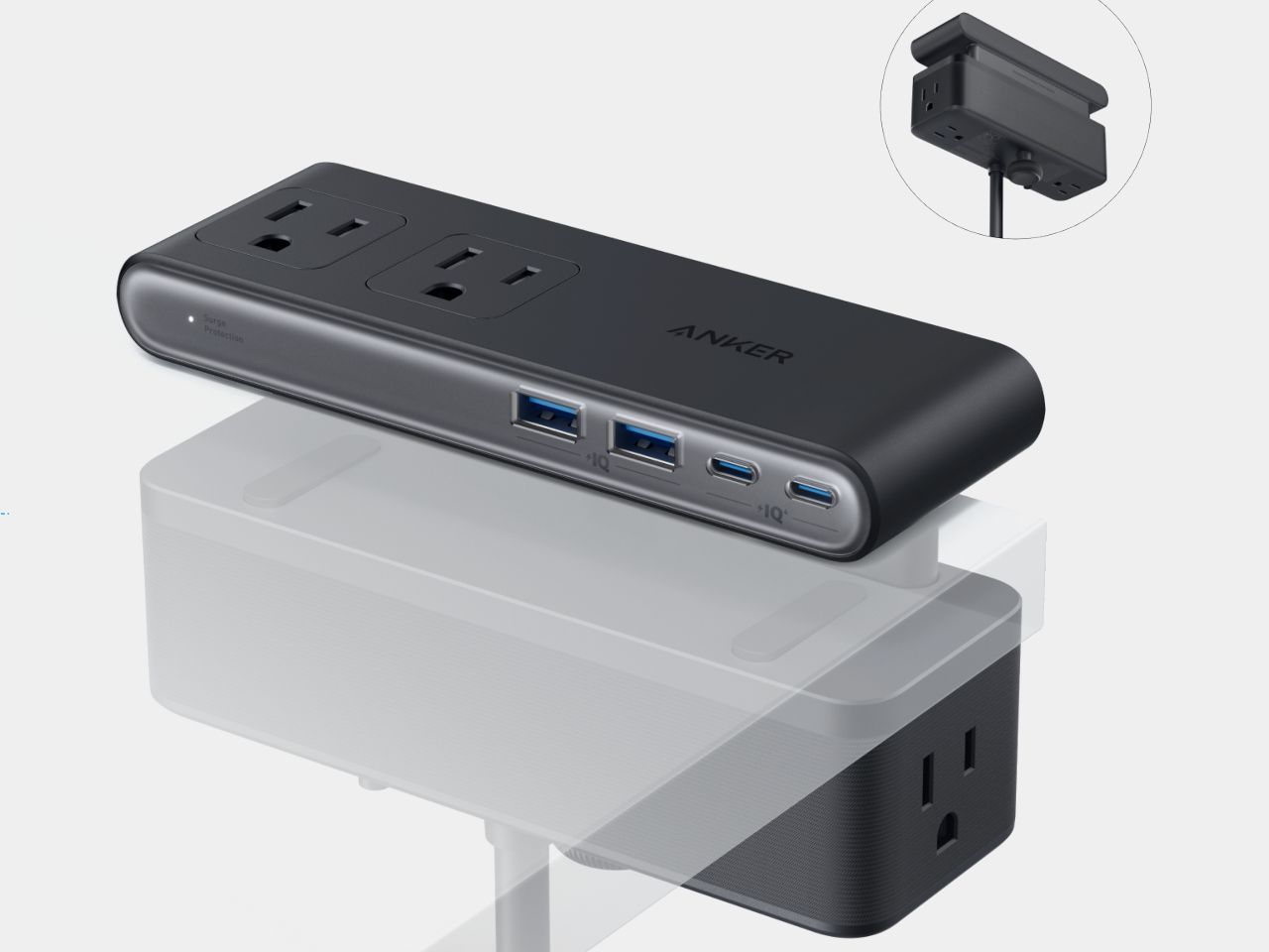 La multiprise Anker Nano Power Strip combine six prises CA avec deux ports USB-C et deux ports USB-A, tout en incluant une protection contre les surtensions. Son design en pince permet de la fixer facilement à un bureau pour un accès pratique.
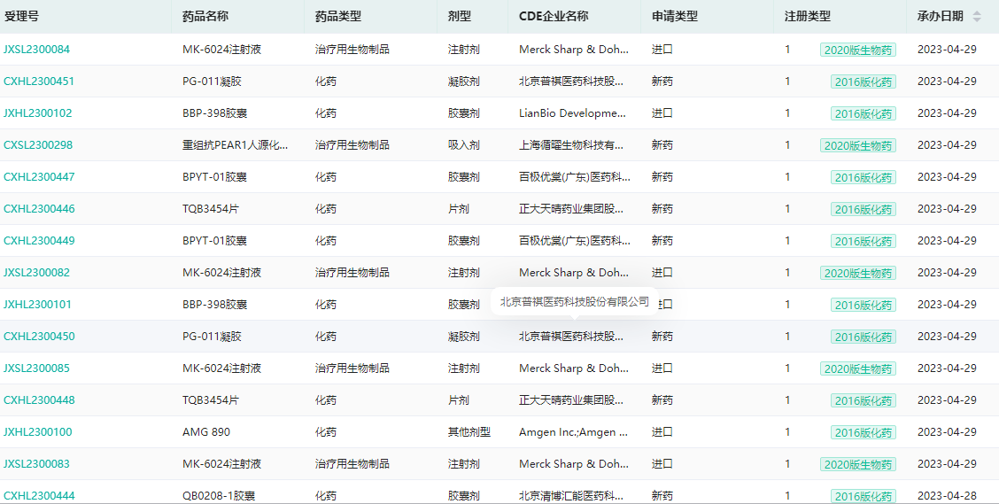 4月化药1类新药获受理品种查询(部分)
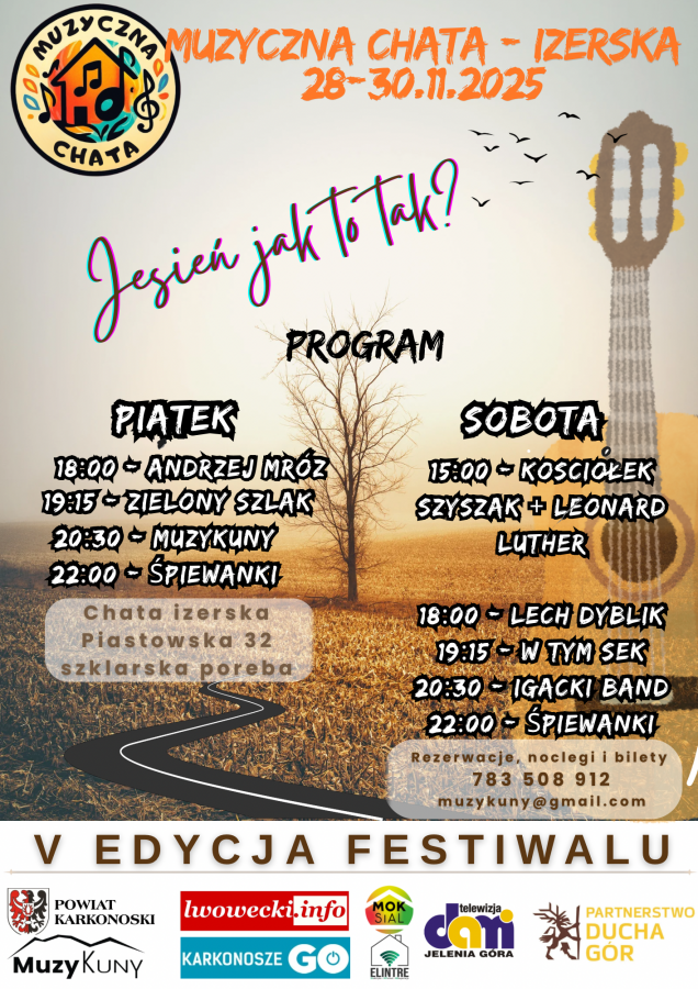 Już w dniach 28–29 listopada 2025 r. Chata Izerska w Szklarskiej Porębie Dolnej ponownie stanie się miejscem, w którym muzyka spotyka się z ciszą gór i zapachem jesieni. Podczas tegorocznej odsłony festiwalu „Muzyczna Chata Izerska – Jesień Jak to tak?” słuchacze zanurzą się w brzmieniach poezji śpiewanej, folku i piosenki drogi – gatunkach, które najlepiej smakują w kameralnym, drewnianym wnętrzu oświetlonym blaskiem lamp. Dwa kolejne wieczory wypełnią dźwięki tworzone z myślą nie o widowisku, lecz o spotkaniu: z artystą, z historią, z samym sobą. To muzyka, która nie zagłusza, tylko prowadzi. Muzyka, która nie udaje – po prostu jest.
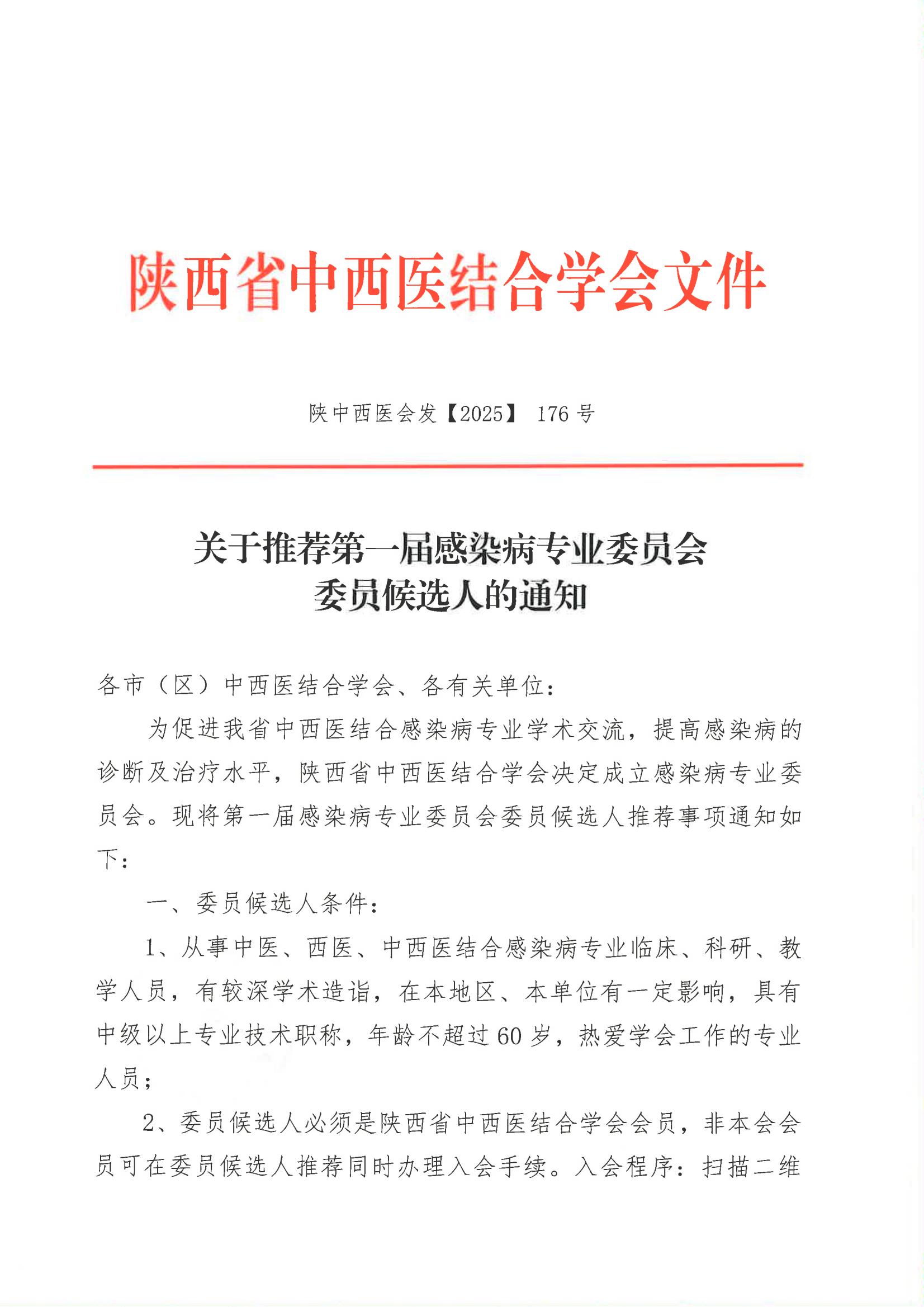 关于推荐第一届感染病专业委员会委员候选人的通知

__Problem__. Please return the lines above exactly, with the pictures omitted.

__Solution__.
 La multiprise Anker Nano Power Strip combine six prises CA avec deux ports USB-C et deux ports USB-A, tout en incluant une protection contre les surtensions. Son design en pince permet de la fixer facilement à un bureau pour un accès pratique.
 4月化药1类新药获受理品种查询(部分)
 Już w dniach 28–29 listopada 2025 r. Chata Izerska w Szklarskiej Porębie Dolnej ponownie stanie się miejscem, w którym muzyka spotyka się z ciszą gór i zapachem jesieni. Podczas tegorocznej odsłony festiwalu „Muzyczna Chata Izerska – Jesień Jak to tak?” słuchacze zanurzą się w brzmieniach poezji śpiewanej, folku i piosenki drogi – gatunkach, które najlepiej smakują w kameralnym, drewnianym wnętrzu oświetlonym blaskiem lamp. Dwa kolejne wieczory wypełnią dźwięki tworzone z myślą nie o widowisku, lecz o spotkaniu: z artystą, z historią, z samym sobą. To muzyka, która nie zagłusza, tylko prowadzi. Muzyka, która nie udaje – po prostu jest.
 关于推荐第一届感染病专业委员会委员候选人的通知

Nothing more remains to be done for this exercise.